Start of TASK MATERIAL

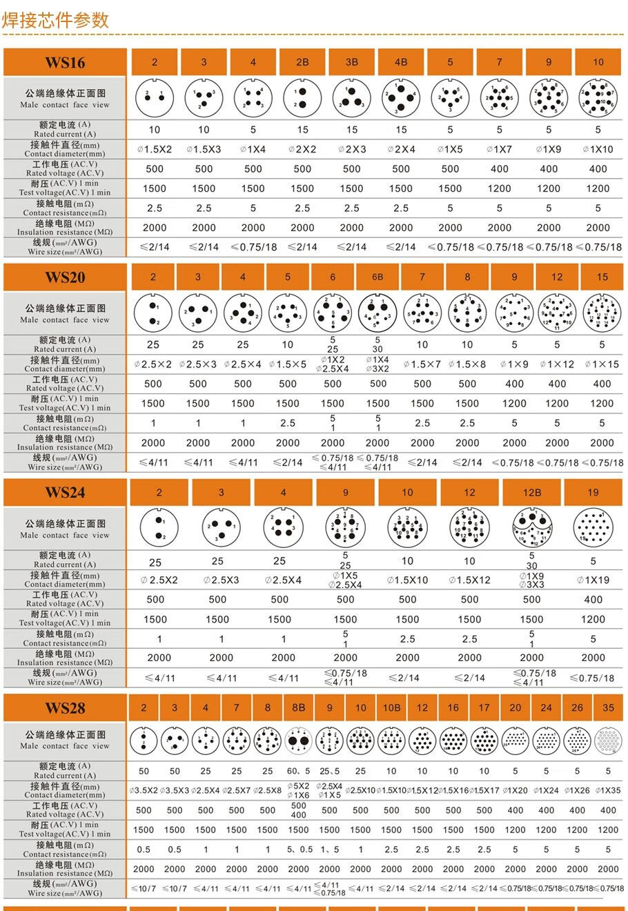 Weipu WS20 aviation plug 2-pin 3-pin 4/5-pin 67-pin 9-pin 12-pin 15-pin power plug industrial connector WS20J2TQ (male)
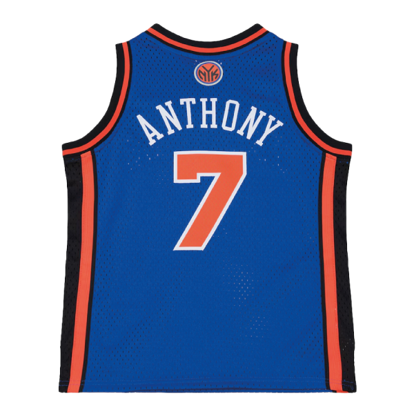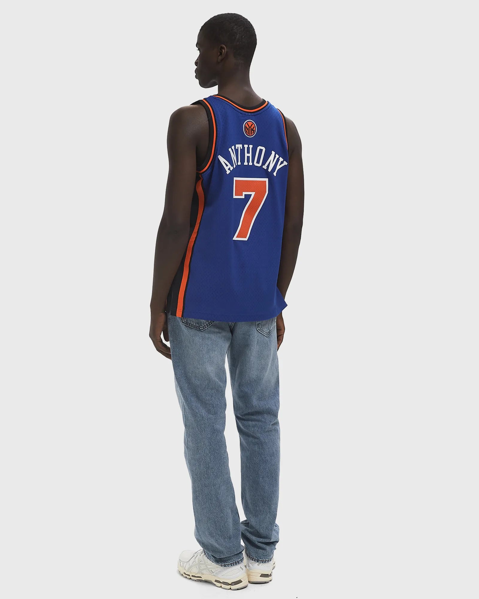 La Mitchell & Ness NBA Dark Jersey New York Knicks 2010 Carmelo Anthony 7 è una canotta da basket che celebra una delle stelle più iconiche della NBA e l’estetica delle divise utilizzate dai New York Knicks nella stagione 2010.
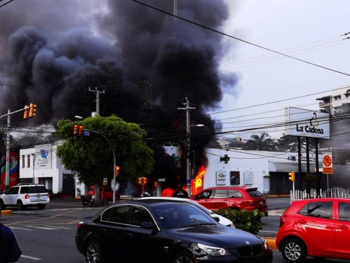 El incendio de la farmacia Los Hidalgos de la avenida Abraham Lincoln comenzó a las 5:53 de la tarde, y de inmediato la humareda se expandió.
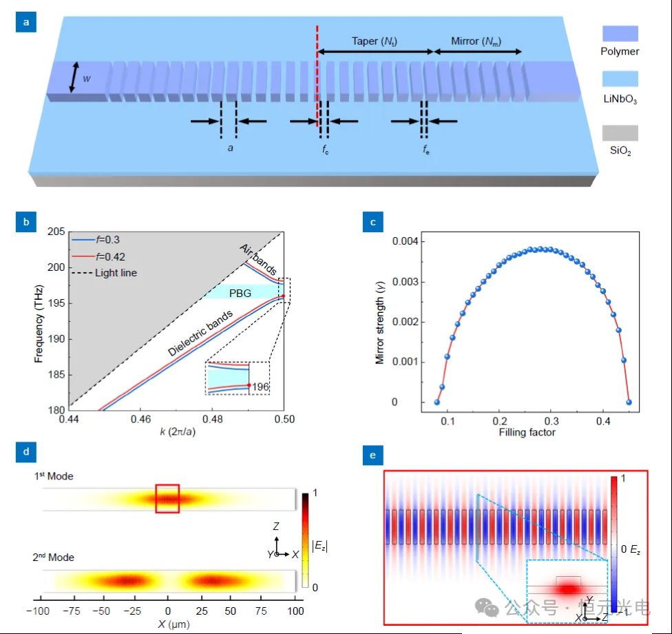 基于上述对波导模式和光损耗的讨论,该团队进一步研究了纳米腔内的损耗。如图2(a)所示,所提出的PCNBC由两个区域中的一系列电介质块构成,包括锥形和镜面,它们与红色虚线对称。图2(b)显示了TE00模式的频带图。选择0.3和0.42的填充系数,对应于最大镜强度和最小镜强度(见图2(c))。如图2(b)所示,在f=0.3时获得了光子带隙(PBG)(蓝色曲线)。当f为0.42时(红色曲线),介电带被拉入PBG。这意味着基本模式变成了离散模式。图2(d)显示了基模和二阶模高斯形电场能量分布的模拟结果。这表明该团队设计的PCNBC具有支持其他高阶谐振模式的能力。此外,如图2(e)所示,基模的电场分布平行于LN晶体的z轴。因此,它证实了PCNBC的光学模式是基于TE00模式。
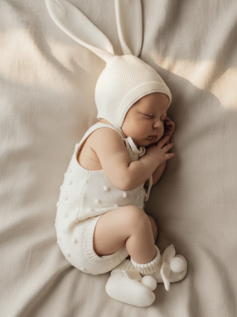 Πλεκτό σετ από εξαιρετικά απαλό, 100% οργανικό βαμβάκι βιολογικής γεωργίας, ειδικά σχεδιασμένο για μικροσκοπικά κουνελάκια. Το σετ περιλαμβάνει φορμάκι με ουρίτσα, παπουτσάκια και σκουφάκι με αυτάκια. Ανάλαφρη πλέξη που επιτρέπει στην ευαίσθητη βρεφική επιδερμίδα να αναπνέει, διατηρώντας σταθερή τη θερμοκρασία του σώματος.
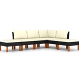 De set heeft een gepoedercoat stalen frame bedekt met PE-rattan waardoor hij weerbestendig en gemakkelijk schoon te maken is. De massief eucalyptushouten poten dragen bij aan de stevigheid en stabiliteit. De tuinset wordt geleverd met dik gevoerde kussens voor ultiem comfort. De kussenhoezen hebben een rits zodat ze afneembaar en wasbaar zijn. De tuinmeubelset heeft een lichtgewicht constructie waardoor hij eenvoudig te verplaatsen is.
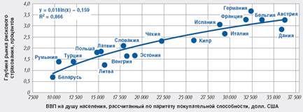 Рисунок 3 - Зависимость глубины рынка рискового страхования от ВВП на душу населения, рассчитанного по паритету покупательской способности, 2008 г.
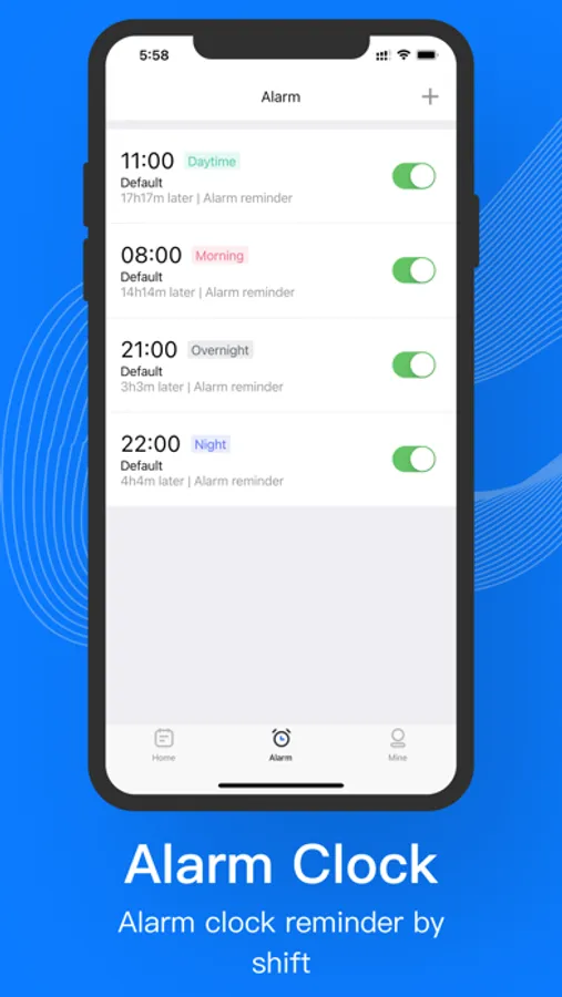 Thoughtful shift alarms that can set multiple alarms for different shifts. Alarm reminder methods include local calendar reminders, alarm clock reminders, and WeChat reminders.
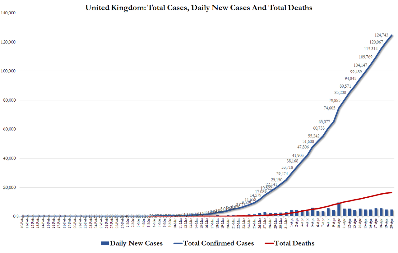 Update (1330ET): Italy reported 2,256 new cases of coronavirus and 454 new deaths over the last 24 hours on Monday, for a total of 181,228 cases and 24,114 deaths. While the country saw a slight rise in deaths day over day, the number of new cases (along with the total number tested) declined, as did the number of patients hospitalized, and the number of patients intubated. Meanwhile, in the UK, officials reported 4,676 new cases of coronavirus and 449 new deaths, for a total of 124,743 cases and 16,509 deaths.
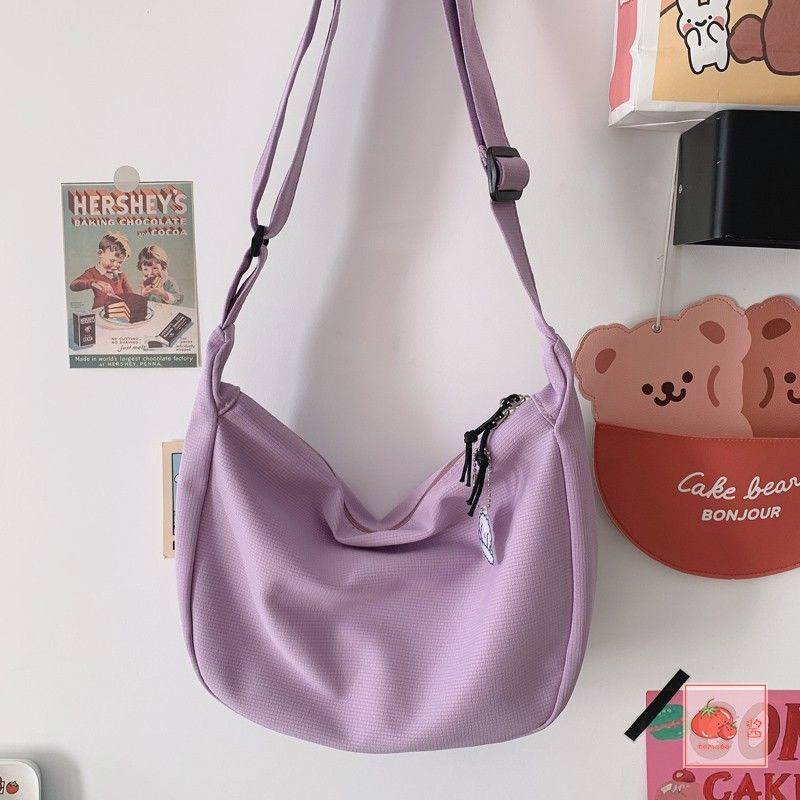 Crossbody Bag Student ins Japanese Shoulder Simple Waffle Casual Art Messenger Solid Color Dumpling YKD YK
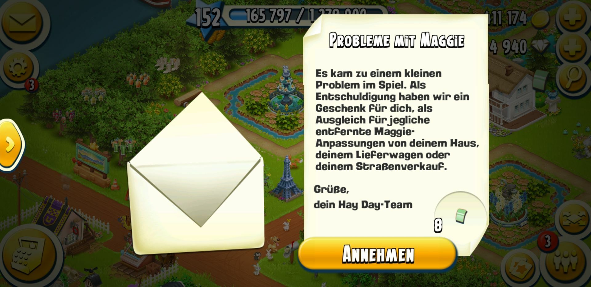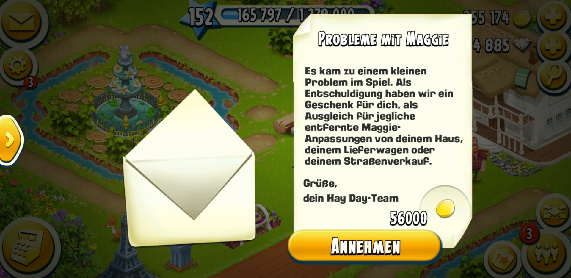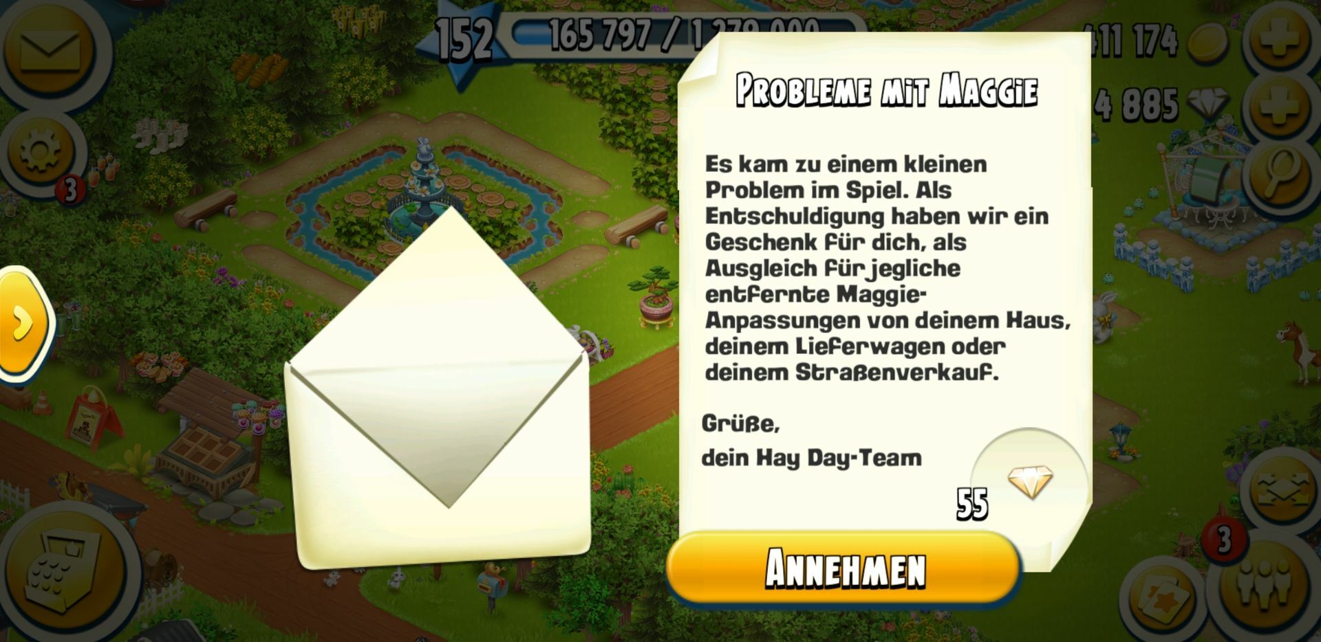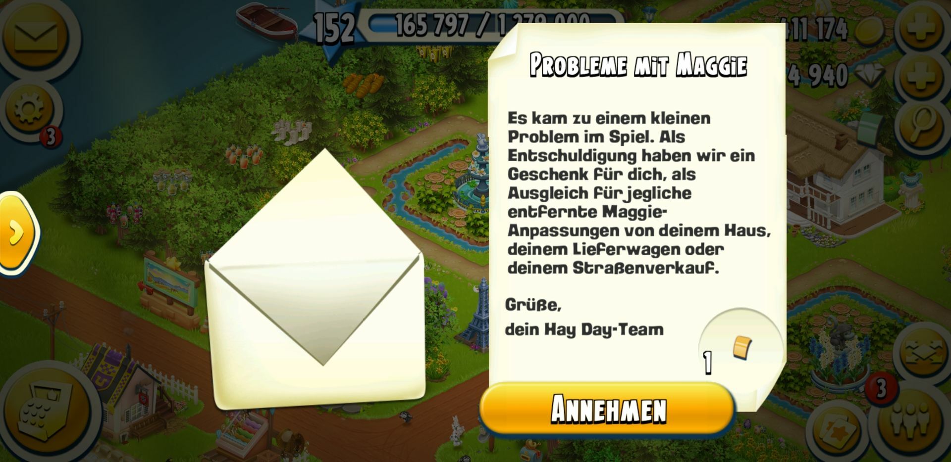 Alfred kam gerade auf meine nicht zertörte farm und brachte mehrmals dieses:
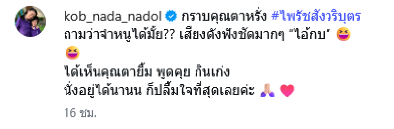 พร้อมเขียนแคปชั่นระบุว่า กราบคุณตาหรั่ง #ไพรัชสังวริบุตร ถามว่าจำหนูได้มั้ย?? เสียงดังฟังชัดมากๆ ไอ้กบ ได้เห็นคุณตายิ้ม พูดคุย กินเก่ง นั่งอยู่ได้นานน ก็ปลื้มใจที่สุดเลยค่ะ
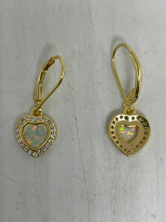 Vintage White Opal Heart Earrings Golden 925 Sterling Silver
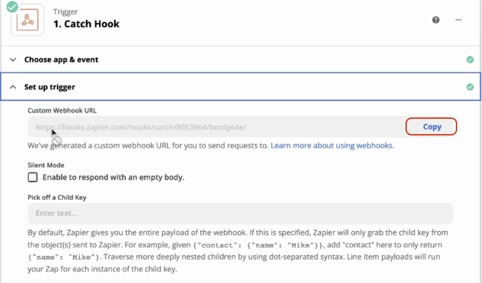 Click the Copy button next to Custom Webhook URL. This is where Mindstamp will send the information from your interactive video

End of TASK MATERIAL

» **WHAT YOU NEED TO DO**: Copy out exactly the lines above beginning with the line that contains "Update (1330ET): Italy" and finishing with the line that contains "Vintage White Opal", including both; leave the pictures out.

» **WRITTEN RESPONSE**:
 Update (1330ET): Italy reported 2,256 new cases of coronavirus and 454 new deaths over the last 24 hours on Monday, for a total of 181,228 cases and 24,114 deaths. While the country saw a slight rise in deaths day over day, the number of new cases (along with the total number tested) declined, as did the number of patients hospitalized, and the number of patients intubated. Meanwhile, in the UK, officials reported 4,676 new cases of coronavirus and 449 new deaths, for a total of 124,743 cases and 16,509 deaths.
 Crossbody Bag Student ins Japanese Shoulder Simple Waffle Casual Art Messenger Solid Color Dumpling YKD YK
 Alfred kam gerade auf meine nicht zertörte farm und brachte mehrmals dieses:
 พร้อมเขียนแคปชั่นระบุว่า กราบคุณตาหรั่ง #ไพรัชสังวริบุตร ถามว่าจำหนูได้มั้ย?? เสียงดังฟังชัดมากๆ ไอ้กบ ได้เห็นคุณตายิ้ม พูดคุย กินเก่ง นั่งอยู่ได้นานน ก็ปลื้มใจที่สุดเลยค่ะ
 Vintage White Opal Heart Earrings Golden 925 Sterling Silver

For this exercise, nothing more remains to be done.